## MATERIAL PROVIDED

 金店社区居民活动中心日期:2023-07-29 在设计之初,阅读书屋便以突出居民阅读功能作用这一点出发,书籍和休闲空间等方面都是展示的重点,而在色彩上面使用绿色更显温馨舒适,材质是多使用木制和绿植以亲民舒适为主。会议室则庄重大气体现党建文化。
==
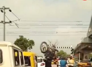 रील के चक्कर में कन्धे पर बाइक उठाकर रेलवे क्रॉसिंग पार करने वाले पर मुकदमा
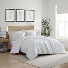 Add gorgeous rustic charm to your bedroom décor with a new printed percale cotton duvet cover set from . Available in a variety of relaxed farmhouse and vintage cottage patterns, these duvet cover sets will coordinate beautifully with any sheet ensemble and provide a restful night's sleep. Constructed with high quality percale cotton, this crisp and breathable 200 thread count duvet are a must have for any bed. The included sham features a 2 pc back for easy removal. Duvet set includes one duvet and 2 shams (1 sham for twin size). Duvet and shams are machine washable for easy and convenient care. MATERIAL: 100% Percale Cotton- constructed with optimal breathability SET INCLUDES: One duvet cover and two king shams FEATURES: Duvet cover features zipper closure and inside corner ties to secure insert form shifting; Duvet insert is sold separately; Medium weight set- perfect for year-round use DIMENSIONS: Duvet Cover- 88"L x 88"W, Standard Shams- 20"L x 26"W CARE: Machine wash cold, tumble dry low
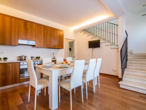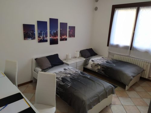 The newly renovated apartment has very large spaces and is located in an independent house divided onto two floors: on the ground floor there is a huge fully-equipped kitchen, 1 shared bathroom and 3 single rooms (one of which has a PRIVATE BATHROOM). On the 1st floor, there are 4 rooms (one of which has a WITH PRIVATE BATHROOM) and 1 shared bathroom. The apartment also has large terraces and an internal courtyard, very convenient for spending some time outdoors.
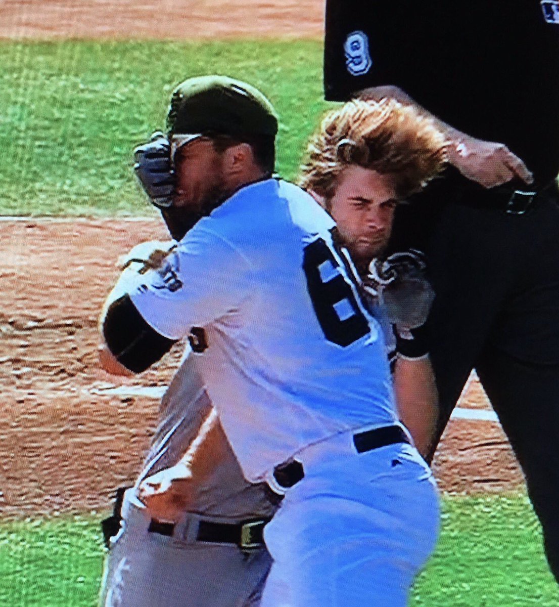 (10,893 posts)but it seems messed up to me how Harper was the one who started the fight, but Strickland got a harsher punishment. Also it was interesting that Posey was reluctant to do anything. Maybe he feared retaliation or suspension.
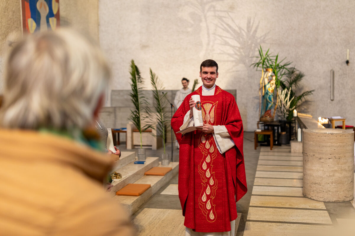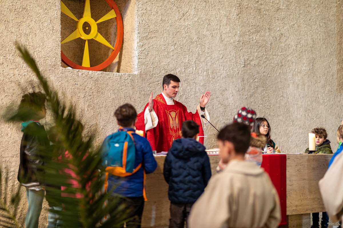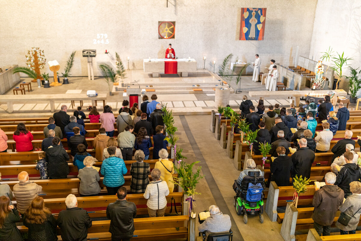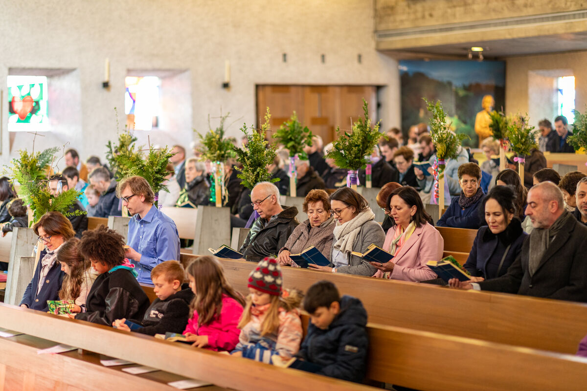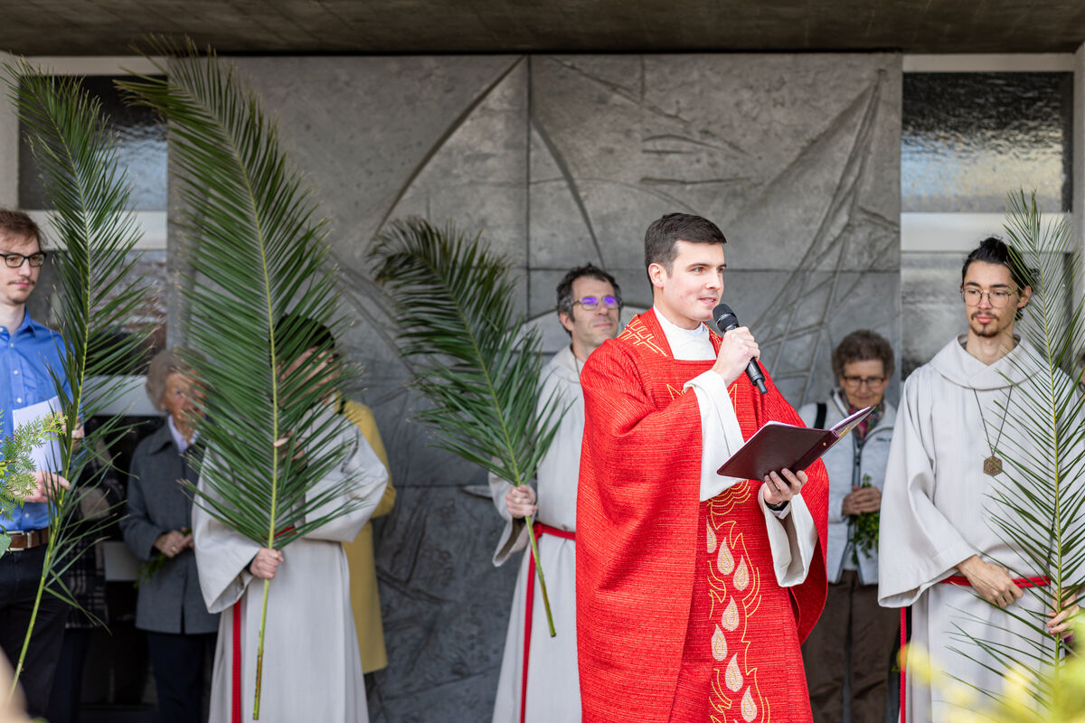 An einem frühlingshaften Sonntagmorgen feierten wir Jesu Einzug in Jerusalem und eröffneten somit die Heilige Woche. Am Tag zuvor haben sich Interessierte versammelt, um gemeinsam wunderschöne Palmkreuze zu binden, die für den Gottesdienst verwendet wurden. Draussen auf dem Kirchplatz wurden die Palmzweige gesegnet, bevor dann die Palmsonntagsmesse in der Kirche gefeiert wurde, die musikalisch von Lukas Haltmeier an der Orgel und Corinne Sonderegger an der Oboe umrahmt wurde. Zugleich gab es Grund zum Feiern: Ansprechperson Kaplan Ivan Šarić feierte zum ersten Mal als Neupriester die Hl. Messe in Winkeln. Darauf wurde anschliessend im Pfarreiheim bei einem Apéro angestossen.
---
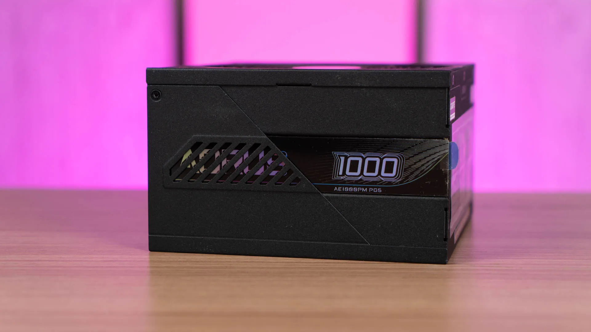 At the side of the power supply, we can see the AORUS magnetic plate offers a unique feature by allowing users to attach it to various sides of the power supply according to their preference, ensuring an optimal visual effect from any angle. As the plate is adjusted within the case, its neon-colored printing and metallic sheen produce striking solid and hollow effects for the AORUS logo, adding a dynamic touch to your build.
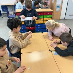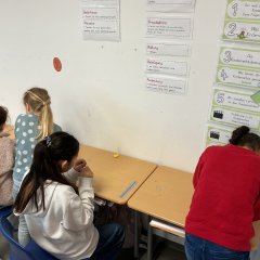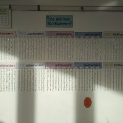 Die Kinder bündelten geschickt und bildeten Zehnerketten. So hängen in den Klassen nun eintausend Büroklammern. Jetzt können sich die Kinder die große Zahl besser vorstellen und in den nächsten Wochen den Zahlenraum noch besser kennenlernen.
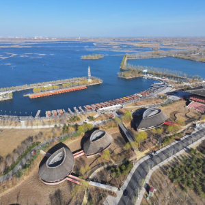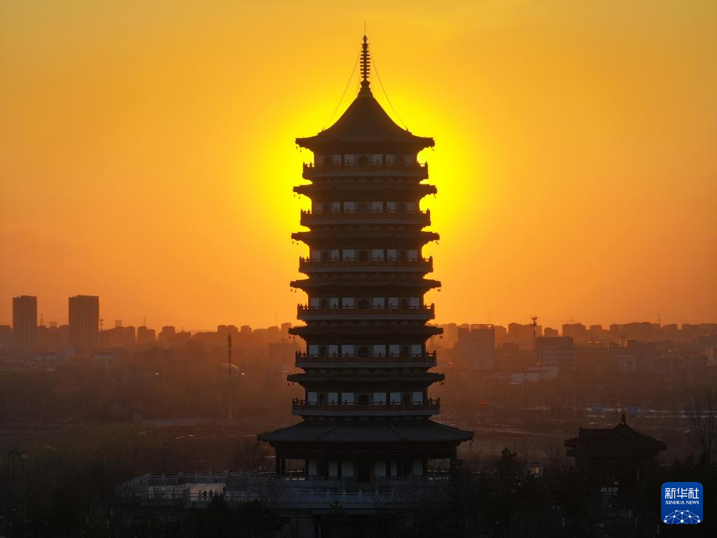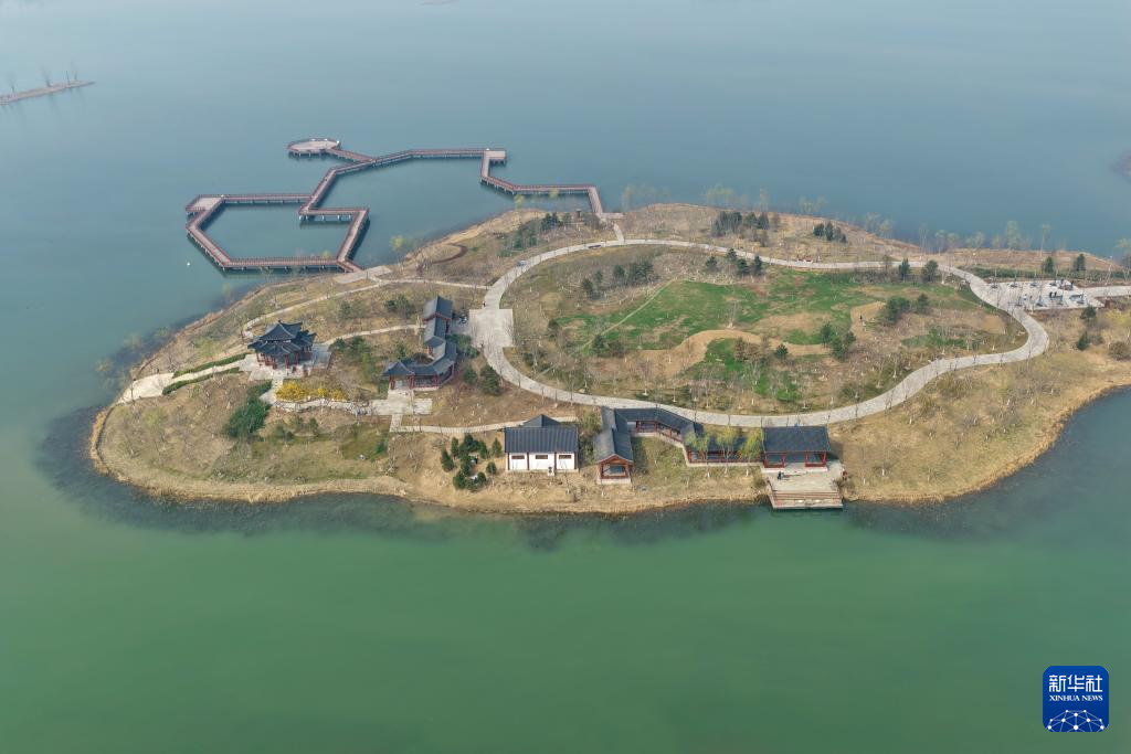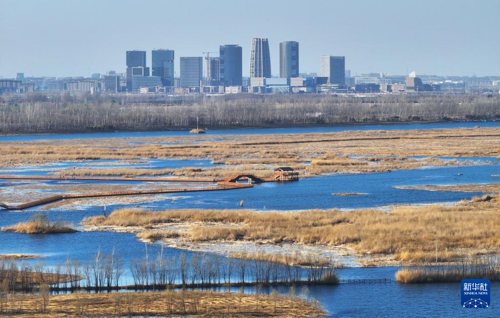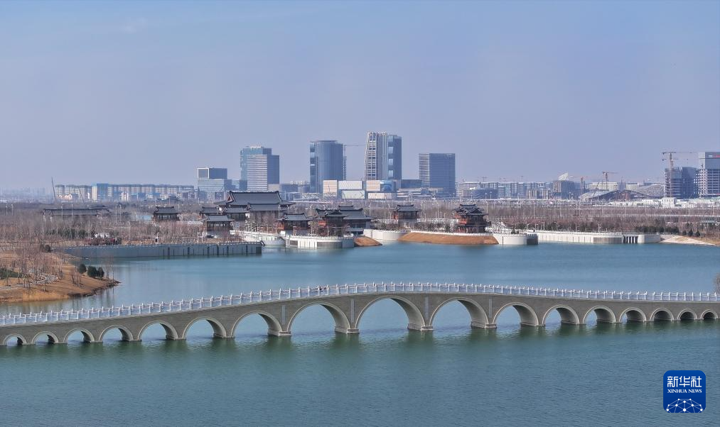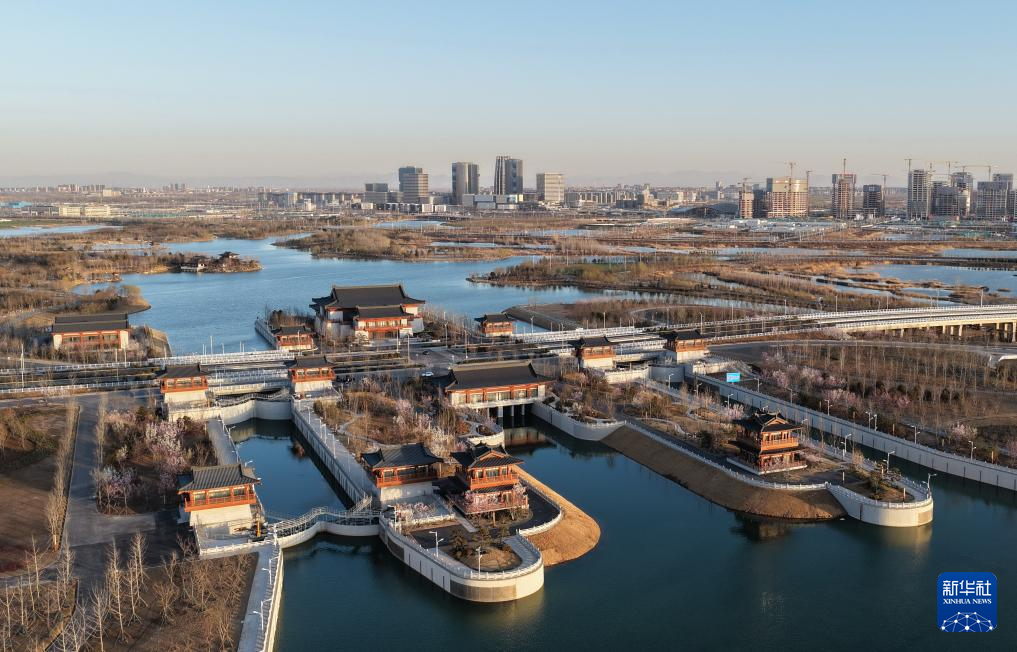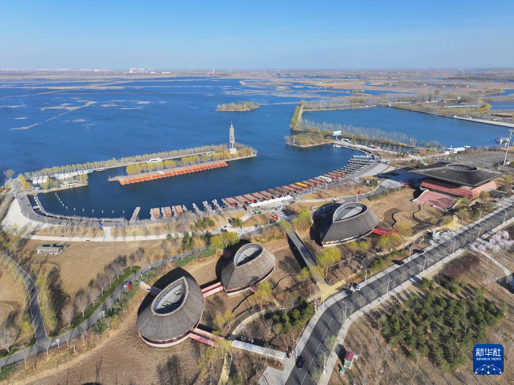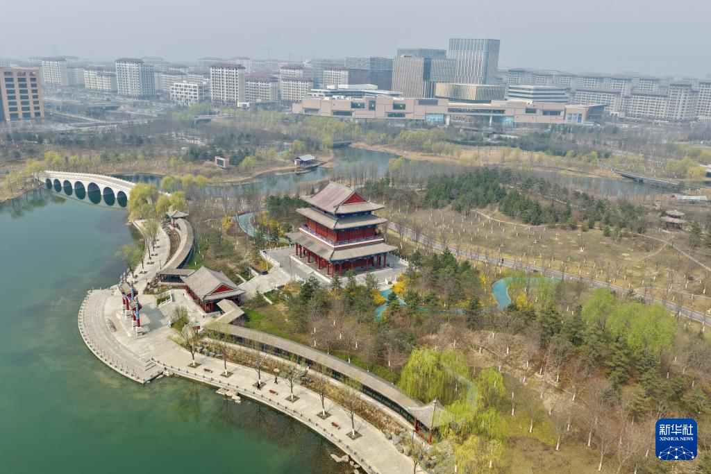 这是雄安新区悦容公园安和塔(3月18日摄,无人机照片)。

## YOUR TASK
In the listing above, find the line with "The newly renovated" and output it and every line after it up to and including the line with "An einem frühlingshaften", exactly, minus the pictures.

## RESULT BELOW
 The newly renovated apartment has very large spaces and is located in an independent house divided onto two floors: on the ground floor there is a huge fully-equipped kitchen, 1 shared bathroom and 3 single rooms (one of which has a PRIVATE BATHROOM). On the 1st floor, there are 4 rooms (one of which has a WITH PRIVATE BATHROOM) and 1 shared bathroom. The apartment also has large terraces and an internal courtyard, very convenient for spending some time outdoors.
 (10,893 posts)but it seems messed up to me how Harper was the one who started the fight, but Strickland got a harsher punishment. Also it was interesting that Posey was reluctant to do anything. Maybe he feared retaliation or suspension.
 An einem frühlingshaften Sonntagmorgen feierten wir Jesu Einzug in Jerusalem und eröffneten somit die Heilige Woche. Am Tag zuvor haben sich Interessierte versammelt, um gemeinsam wunderschöne Palmkreuze zu binden, die für den Gottesdienst verwendet wurden. Draussen auf dem Kirchplatz wurden die Palmzweige gesegnet, bevor dann die Palmsonntagsmesse in der Kirche gefeiert wurde, die musikalisch von Lukas Haltmeier an der Orgel und Corinne Sonderegger an der Oboe umrahmt wurde. Zugleich gab es Grund zum Feiern: Ansprechperson Kaplan Ivan Šarić feierte zum ersten Mal als Neupriester die Hl. Messe in Winkeln. Darauf wurde anschliessend im Pfarreiheim bei einem Apéro angestossen.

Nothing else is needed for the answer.